For those parents with SN children, struggling against the system and attitudes of others, it must be so incredibly frustrating for you (I fear this is a gross understatement), but I just wanted to let you know that some of us ARE listening. Thank you for continuing to post, and educating people like me for the benefit of all our children.

Pagwatch Fri 18-Oct-13 08:45:39

You know the other thing that bugs me - beyond the 'not my problem' thing is that many of these people genuinely do see themselves as empathetic .
As a society we have found ways to congratulate ourselves on how kind and generous we are - how sympathetic.
We all cry at chikdren in need, we raise money for Bliss and for Great Ormond Street hospital.
But when that child gets out of hospital and has residual symptoms that make her disruptive in class well suddenly, a real problem on my doorstep, a child that affects my orderly life - its uncomfortable and unwelcome.

There is a huge disconnect.

hazeyjane Fri 18-Oct-13 08:24:58

Yes zzzzz, that 'otherness' 'not my problem' is just so depressing.

I feel like the campaign should have been called

'This Is Someone Else's Child'

Maybe 'These Are Our Children' would have been better.

SelectAUserName Fri 18-Oct-13 07:52:14

At the risk of outing myself, I have shared oink's MP email template on a non-parenting forum and have already managed to garner another half-dozen or so letters sent within less than a day. If other FMs who post in other forums do the same, we could maybe get a little momentum behind this.

nkf Fri 18-Oct-13 06:39:52

If there is a letter/petition that has widespread support, please could someone link me to it? I would like to add my voice to people seeking more help and support for children in schools.

YouTheCat Thu 17-Oct-13 23:41:17

The lack of understanding is what you'd expect if people have no experience of autism but the lack of empathy is shocking.

zzzzz Thu 17-Oct-13 23:31:15

I wish I could be so sure.
I think the are lots of schools, teachers, TAs, parents, peads, therapists who try very hard to help. But like this thread there are an awful lot who don't.

I think this thread has really highlighted for me how very "other" some people consider disabled people.

Donkeyok Thu 17-Oct-13 23:30:35

Thank you Bag lady flowers you were not my star, infact you are still being disruptive wink

purplebaglady Thu 17-Oct-13 23:20:20

Donkeyok, l do agree with all your wise advice. U taght me good grin

IsabelleRinging Thu 17-Oct-13 23:13:17

No, they didn't show children with disabilites, but I imagine if the support is there for for the child they focused on tonight, then I am sure support would also be available for a child with a statement. After all, as you said yourself on another thread, if a child is having problems in school, the cause doesn't matter, they have SEN and still need the support.

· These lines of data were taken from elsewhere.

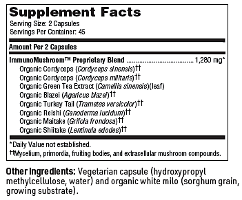 Ther-Biotic® ImmunoMushroom™ supports immune health with a blend of highly researched and effectively concentrated mushroom extracts combined with the polyphenol nutrient support of green tea. This powerful combination supports your natural immune function with the power of beta-glucans, digestive enzymes, prebiotics, antioxidants, and other important nutrients.† Grown in the USA under rigidly controlled conditions, these mushroom extracts are made with 100% certified organic ingredients.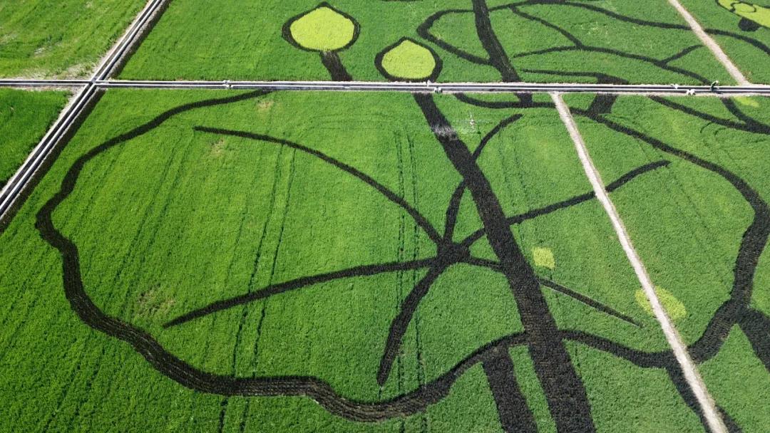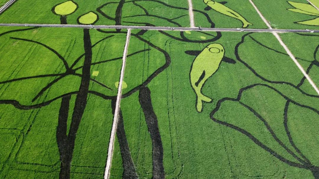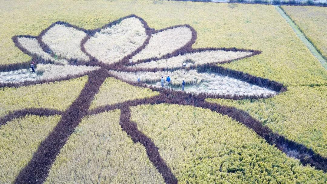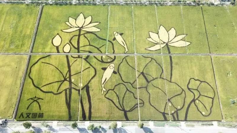 設(shè)計(jì)思路:稻田畫(huà)位于杭州西湖西側(cè),因而取荷花與鯉魚(yú)的西湖特色元素,據(jù)漢樂(lè)府詩(shī)《江南可采蓮》描述的意境,通過(guò)彩色水稻藝術(shù)化的創(chuàng)作了這副《魚(yú)戲蓮葉圖》?!遏~(yú)戲蓮葉圖》的圖畫(huà)中,一對(duì)鯉魚(yú)像夫妻一樣向上游,逆流而上;兩朵開(kāi)花的荷花和兩朵未開(kāi)花的荷包,兩條大鯉魚(yú)和六片荷葉,成雙成對(duì)的水滴,每一環(huán)節(jié)的設(shè)計(jì)都有“偶”意,荷花與鯉魚(yú)同時(shí)象征著連年有余、和和美美的吉祥寓意?!半p花雙蕾雙葉雙魚(yú)游,人文人藝人美人心齊。雙浦雙成,人文人才?!?,稻田畫(huà)用中國(guó)傳統(tǒng)水墨畫(huà)的方式,彩稻為墨、田為紙,將農(nóng)業(yè)園藝化,大地藝術(shù)化。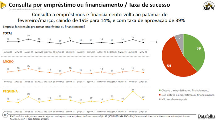 A 14ª Pesquisa Indicador Nacional de Atividade da Micro e Pequena Indústria do SIMPI/Datafolha revela uma visão abrangente do panorama econômico durante o mês de junho/julho. Nesta edição, a pesquisa mostra a relação entre a falta de acesso a capital de giro e empréstimo com o número de Micro e Pequenas Indústrias em atraso no pagamento.
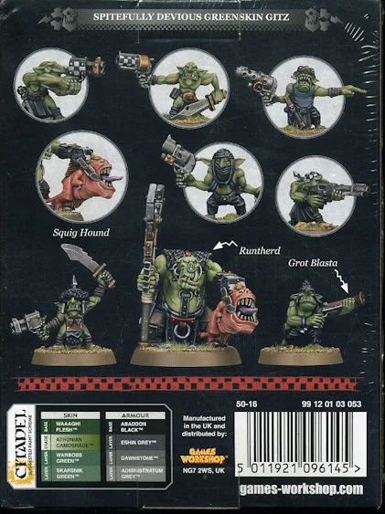 Förpackningen innehåller delar för att montera 10 Gretchin plus en Ork Runtherd. Det ingår ett flertal varianter på delar så du kan skräddarsy din Gretchin-hord som du vill.
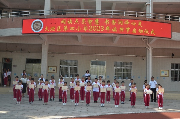 為豐富校園文化生活,營造“愛讀書、讀好書、善讀書”的濃郁的校園讀書氛圍,培養(yǎng)學生濃厚的閱讀興趣和良好的閱讀習慣,4月17日,在第28個世界讀書日即將到來之際,火炬區(qū)第四小學黨支部引領學校教導處組織全體師生齊聚國旗下,參與了以“閱讀點亮智慧,書香潤澤心靈”為主題的讀書節(jié)啟動儀式。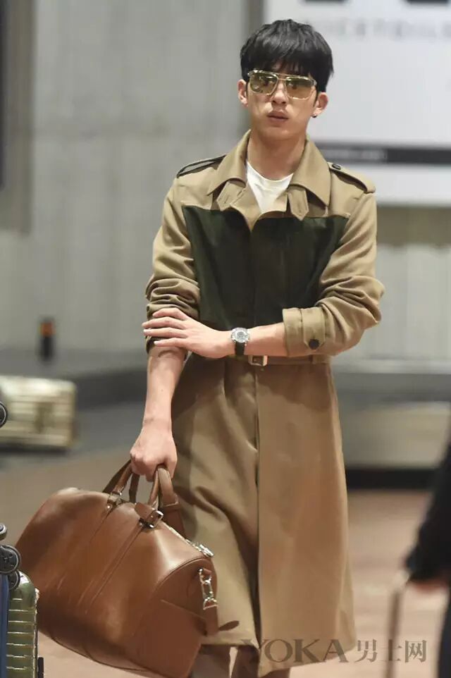 可以像井柏然这样在系好扣子以,系腰带。(一般风衣都是这样系腰带的,井柏然的这款风衣腰线稍稍往上)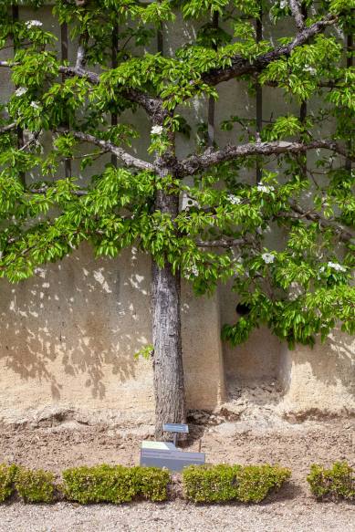 Visitors can see ripe sept-en-gueule pears on this tree early July. ‘The crops grown there are not intended for sale but rather to be exhibited in situ for as long as possible’. The label in front of the tree indicates where to listen more about the pear on the audio-guide.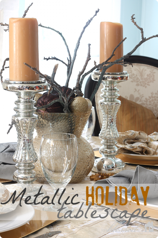 thanksgiving table Silver and Gold work together beautifully in this pretty metallic holiday tablescape by My Blessed Life.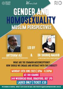 Muslim Women’s Council have organised a seminar on Monday 19 June, entitled “Gender & Homosexuality – Muslim Perspectives”.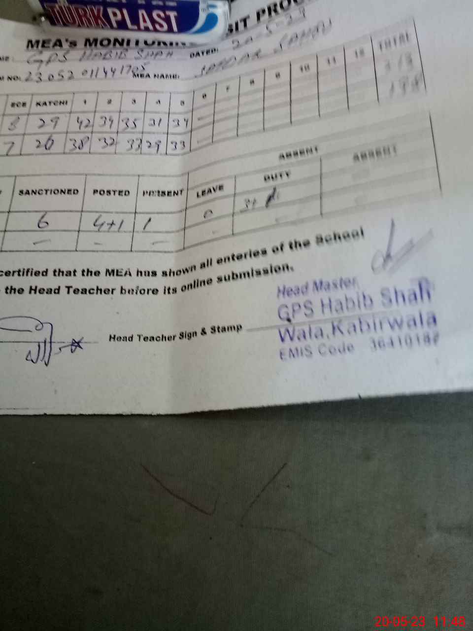 | Attendance Register | Head Teacher | MEA with School | Visit Proof |

Donkeyok Thu 17-Oct-13 23:11:31

You shouldn't have low expectations of a child's behaviour because they have special needs. That can be quite insulting and damaging. Education in this class aims to be inclusive therefor proportional time allocated for all. Obviously if the teacher is unable to teach whole class with the support of the TA a new strategies needs to be implemented. Secondary teachers are subject specialists and do not usually have extensive knowledge of individual conditions and refer to individual education plans given by SEN dept. Whilst they need to provide for the learning of all it has to be managed in the shared environment. If this were happening in my classroom I would want more intervention and possibly withdraw child until I had made a more detailed learning contract with them. I have taught children with different degrees of autism in various ability levels and they have not been the most disruptive pupils in fact in many cases they have been the gifted stars.